Vin de france is still a VSIG, thus a wine without a geographical origin (vin sans indication géographique). And without too many rules. Now it’s been ten years. How has it turned out?

Fairly good. Vin de france accounts for around 8% of production. But the category is becoming more and more popular with producers. The large producers that make volume wines with large yields blend grapes from different parts of France. They are not looking for terroir character.

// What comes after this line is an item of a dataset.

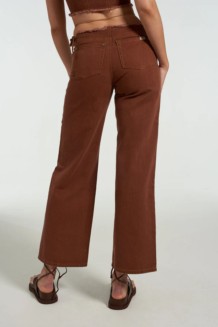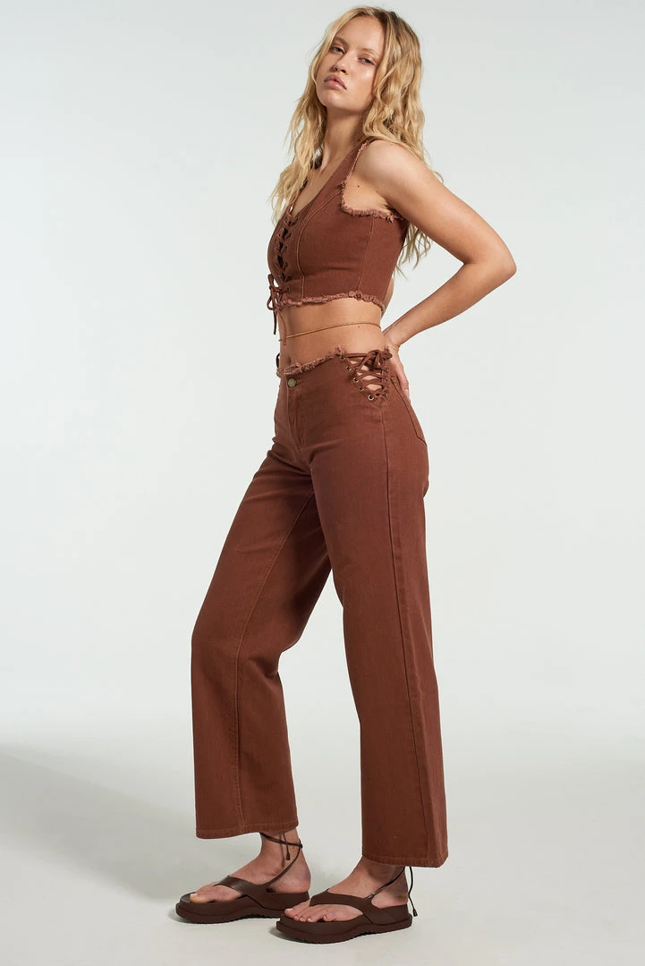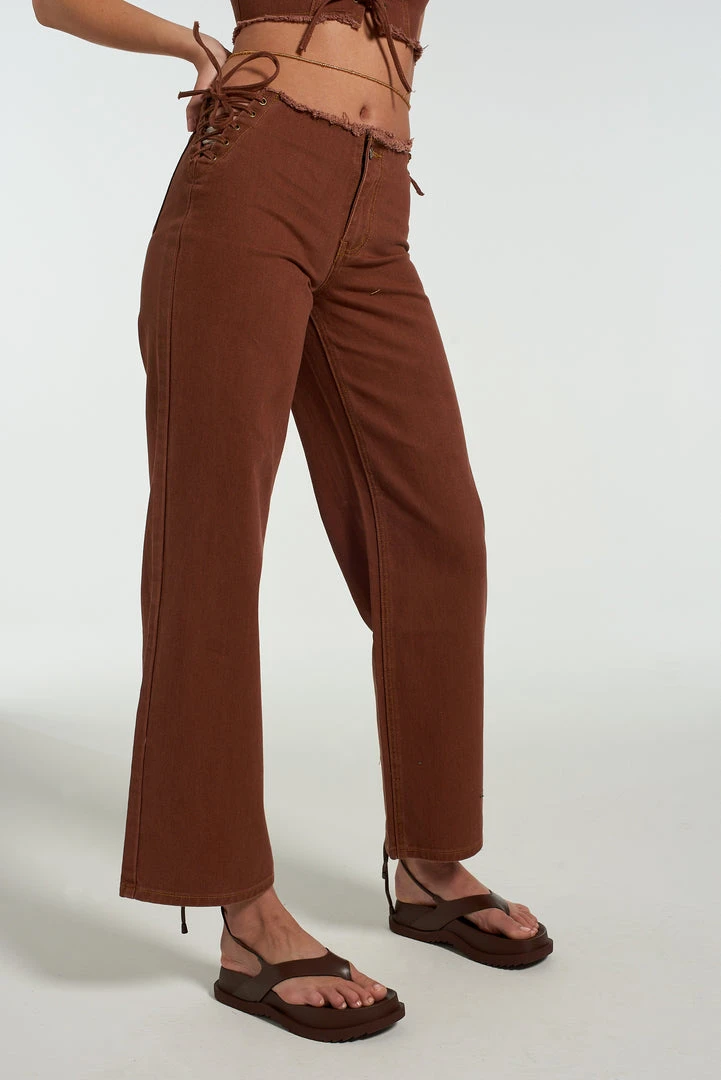 The Earth jeans are our brown low rise, straight leg jeans with lace up side waist detail and raw hem frayed waistband.

More ambitious vin de france wines are made by winegrowers who believe that the rules of the appellations stand in the way of their creativity. Maybe they want to use grape varieties that are not approved or make wines that don’t fit the mould. Or they are just plain frustrated by the appellation system. Inexpensive vin de france is a straightforward, uncomplicated wine. More expensive vin de france can be high quality and exciting.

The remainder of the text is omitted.